Pensemos primero en el título: ¿Quién es Ernesto? Everardo Gonzáles ha producido a un personaje ficticio (Ernesto) con las historias de decenas, tal vez cientos, de personajes que entrevistó. Ernesto es legión, como esos espíritus que se apoderan de las almas inocentes en el cine de terror y que, cuando pregunta el exorcista, responden: mi nombre es legión. Ernesto, en efecto, es una jauría de personajes reales: el niño que a los once asesinó por primera vez, el muchacho que se desafana de la banda, el que extraña a su padre y el que vomita cuando se da cuenta de lo que puede hacer con un arma. Ernesto es la mujer que alquila armas porque son hermosas, el policía que tiene miedo de pisar la cárcel y que ríe cínico cuando habla de lo que significa arriesgarse. Es el joven que filosofa en modo un poco barato y afirma que el infierno está aquí. Ernesto es todos estos que no hacen otra cosa que sobrevivir, existir en un presente inmediato, ganando mucho dinero, pero gastándolo porque mañana probablemente no van a vivir.

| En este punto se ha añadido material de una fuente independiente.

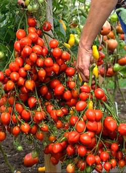 Томат Поцелуй Герани. Индетерминантный, до 1,6 м в теплице, в открытом грунте 0,6-0,8 м. Среднеспелый. Помидоры ярко-красные, округло-сливовидной формы с острым носиком, массой 30-40 грамм. Вкус насыщенный, с выраженной сладостью. В кистях до 120 цветков, завязывается до 80 и более плодов. При созревании помидоры не осыпаются и не трескаются, кисти до 2 кг. Отличный сорт для консервации.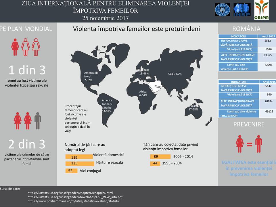 De cele mai multe ori femeile sunt victimele violențelor de tot felul. De la cea casnică la cea stradală. Nici la noi în județ situația nu este mult mai bună decât în alte locuri. Cu ocazia zilei de 25 noiembrie, Ziua Internațională a Luptei împotriva Violenței asupra Femeilor, Asociația SPICC își manifestă profunda îngrijorare față de magnitudinea și gravitatea fenomenului în România. În contextul celor 16 zile de activism împotriva violenței de gen, care demarează odată cu ziua de 25 noiembrie și se încheie, în mod simbolic, în data de 10 decembrie, Ziua Internațională a Drepturilor Omului, asociația insistă asupra faptului că violența și amenințarea cu violența reprezintă o încălcare gravă a drepturilor omului, statisticile referitoare la situația din țara noastră relevând faptul că o treime dintre femeile din România se află din această cauză în situație de risc. Diferitele tipuri de violență masculină îndreptate împotriva femeilor încalcă dreptul fundamentul la siguranța persoanei și reprezintă o expresie a dezechilibrului de putere dintre bărbați și femei.

El segundo elemento digno de notar es el modo en que Everardo González guarda la confidencialidad de sus informantes. En La libertad del diablo, el mismo director inventó el siguiente artilugio narrativo: usaba máscaras que parecían salidas de cine de horror. En Una jauría llamada Ernesto el artilugio es físico, se trata de un arnés que en la espalda del narrador no sólo oculta la identidad de los informantes, a los espectadores nos amarra a un estricto punto de vista subjetivo. Somos él, somos Ernesto, a menudo miramos la vida un poco fuera de foco, a veces gritamos exaltados, a veces necesitamos desahogarnos y decir a viva voz cómo fue que llegamos aquí. Más que documentar la existencia de hombres, mujeres y niños que trafican armas, personas y droga en la frontera entre México y Estados Unidos, Una jauría llamada Ernesto produce un estado hipnótico en que, si lo permitimos, viviremos la montaña rusa de ser uno de estos seres llenos de contradicciones: seremos, como ellos, víctimas y victimarios, asesinos y mártires, pero lo más asombroso de todo es que seremos personajes anónimos que, como Ernesto, deseamos una vida digna de ser vivida, una existencia en la que tengamos, por fin, respeto y admiración.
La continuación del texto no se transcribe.